WHAT IS NEEDED
Provide an exact copy of the data, excluding the images.

COLLECTED MATERIAL
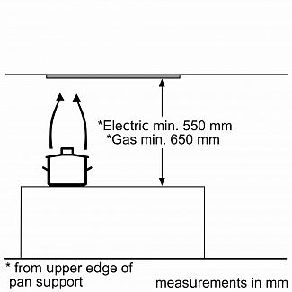 Минимальное расстояние над газовой варочной панелью: 650 мм
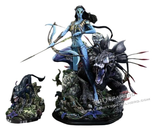 La Deluxe Version include anche il Viperwolf, raffigurato con un’espressione aggressiva e una posa dinamica che arricchisce la scena e aumenta l’impatto visivo complessivo. La base scenica richiama la vegetazione di Pandora e unisce armoniosamente tutti gli elementi, trasformando la statua in una vera opera d’arte da esposizione.
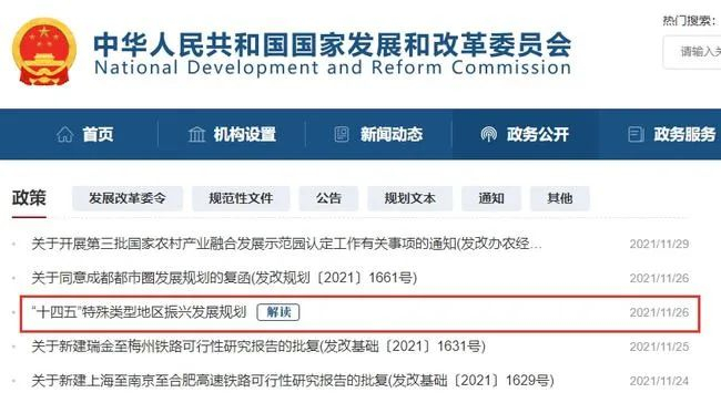 该规划是国家“十四五”重点专项规划,所指特殊类型地区包括资源型地区、老工业城市、革命老区、边境地区、生态退化地区和欠发达地区。
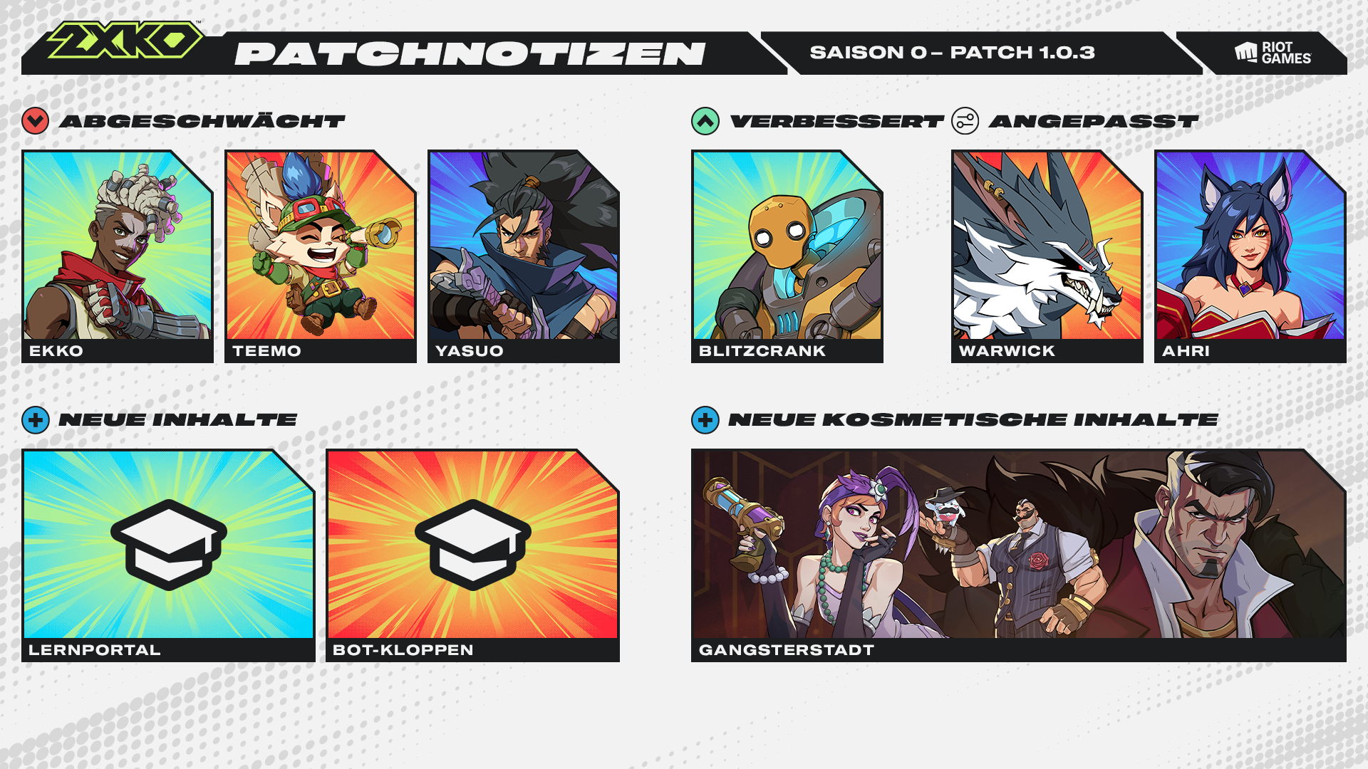 Hallo. Unser nächster Patch (1.0.3) erscheint am 18. November mit einigen Championanpassungen, einem neuen Lernportal und einer Reihe von Fehlerbehebungen.

EXERCISE SOLUTION
 Минимальное расстояние над газовой варочной панелью: 650 мм
 La Deluxe Version include anche il Viperwolf, raffigurato con un’espressione aggressiva e una posa dinamica che arricchisce la scena e aumenta l’impatto visivo complessivo. La base scenica richiama la vegetazione di Pandora e unisce armoniosamente tutti gli elementi, trasformando la statua in una vera opera d’arte da esposizione.
 该规划是国家“十四五”重点专项规划,所指特殊类型地区包括资源型地区、老工业城市、革命老区、边境地区、生态退化地区和欠发达地区。
 Hallo. Unser nächster Patch (1.0.3) erscheint am 18. November mit einigen Championanpassungen, einem neuen Lernportal und einer Reihe von Fehlerbehebungen.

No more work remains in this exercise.